Namun ironisnya, masyarakat Indonesia menghabiskan banyak waktu di gadget. Data lain dari PISA 2022 menunjukkan skor literasi Indonesia 359 (OECD rata-rata 476) dan peringkat ke-62 dari 70 negara, jauh di bawah negara ASEAN lain seperti Singapura dan Vietnam, menunjukkan tantangan besar dalam kemampuan membaca dan pemahaman teks. (Sumber google.com)
Hal yang menarik adalah, data yang di realise UNESCO itu, dibantah oleh seorang kurator JILF 2025, Evi Mariani, pada tanyangan wawancara-nya dengan Wisnu Nugroho (Pimpinan Redaksi Kompas.com) di sebuah podcast, Evi Mariani menyampaikan kalau data yang dipakai oleh UNESCO tidak bersumber dari data valid.
‘Minat baca orang Indonesia itu rendah. Salahnya itu, satu, data yang dipakai itu salah. Karena yang sering di kutib itu UNESCO bilang, dari 1.000 orang Indonesia hanya 1 (satu yang minat baca).Ngak ada itu. Nggak ada. Nggak ada risetnya (penelitiannya). Ironisnya adalah data yang disebar-sebarkan oleh orang yang literasi-nya rendah’ Demikian bantahan Evi Mariani.[1]
Terkait ini, penting untuk diselidiki lebih dalam apakah benar literasi masyarakat Indonesia benar-benar rendah? Kemudian, sumber data dari mana rendahnya minat literasi masyarakat kita diperoleh atau sumber mana yang menjadi acuan ENESCO? Sehingga menyimpulkan tingkat literasi masyarakat Indonesia rendah.?

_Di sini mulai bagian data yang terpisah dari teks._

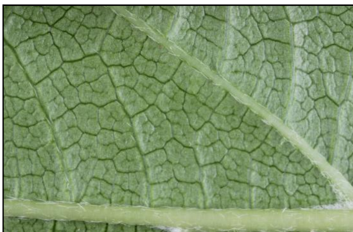
Leaf: Lower Surface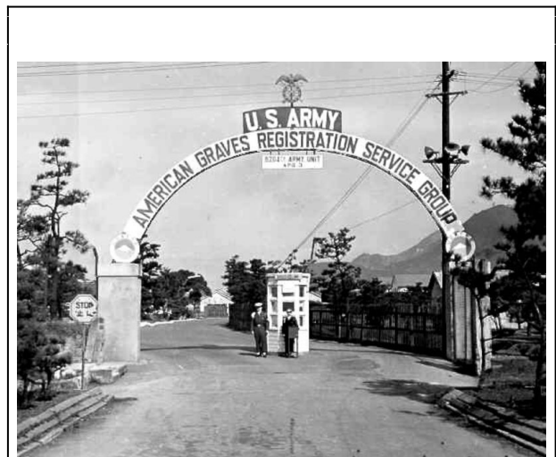
Camp Jono, Kokura, Japan

Pada objek ini, hemat saya, apa yang dikritisi oleh Evi Mariani ada benarnya. Sebab, Paradoks-nya, apabila dirunut secara berimbang, literasi baca pendiri bangsa ini sangat tinggi. Sebagai contoh, sebutlah Ir. Seokarno Presiden pertama Indonesia. BJ. Habibi, Susilo Bambang Yudoyono dan Prabowo Subianto. Tokoh pejuang dan tokoh kemerdekaan mereka adalah orang-orang yang ‘mlek literasi’.
Belum lagi para tokoh sastrawan, pengarang roman, novel, para kritikus sastra dan sebagainya. Mereka banyak menyumbang pengetahuan literasi khususnya kepada masyarakat Indonesia. Dan ini datanya ada, para tokoh-tokoh sastra Indonesia mereka punya karya dan diakui dunia.
Pertanyaannya, kenapa UNESCO tidak mengambil sumber riset dari para tokoh tersebut? Sebaliknya menyoroti realitas masyarakat yang hidup di tempat-tempat yang tidak punya, atau bahkan kurang mendapatkan akses dunia literasi. Atau UNESCO mengacu kepada trend hidup masyarakt yang notabene-nya senang ber-handphone dari pada memegang buku. Seperti sebuah ketimpangan penelitian.
Apabila demikian, maka bisa dikatakan hasil riset UNESCO dapat persoalkan dan semestinya memperbaiki indikator penelitian dan penilaian terhadap object literasi. Masyarakat Indonesia pada satu sisi memang masih belum terlalu bersahabat dengan dunia literasi. Namun itu bukan ukuran secara holistik untuk menghukumi secara umun atas fenomena yang tidak baik ini.
Sebagai informasi, Gerakan literasi di Indonesia saat ini sedang trend-nya yaitu; mengajak masyarakat untuk ‘mlek literasi’ secara sadar. Gerakan literasi sekarang sedang marak digalakkan, mungkin karena sindiran UNESCO, sehingga dihakimi sebagai sebuah kebenaran yang nyaris dapat diterima.
Pada sudut pendang berbeda, masyarakat kita memang perlu berbenah dalam hal literasi. Sehingga dimungkinkan akan mnenjadi bangsa yang mampu bersaing dari bangsa-bangsa maju sepert bangsa lainnya. Semoga Gerakan literasi semakin marak digalakkan ditengah krisis literasi yang melanda generasi Indonesia saat ini.
Lakon pengetahuan literasi masyarakat Indonesia itu tinggi. Bukan sekadar menampik acuan UNESCO, untuk memberikan argumentasi penolakan. Sebaliknya, sebagai sebuah fakta real yang tidak bisa dipungkiri kebenarannya. Bahwa literasi kita adalah maju bukan mundur atau rendah.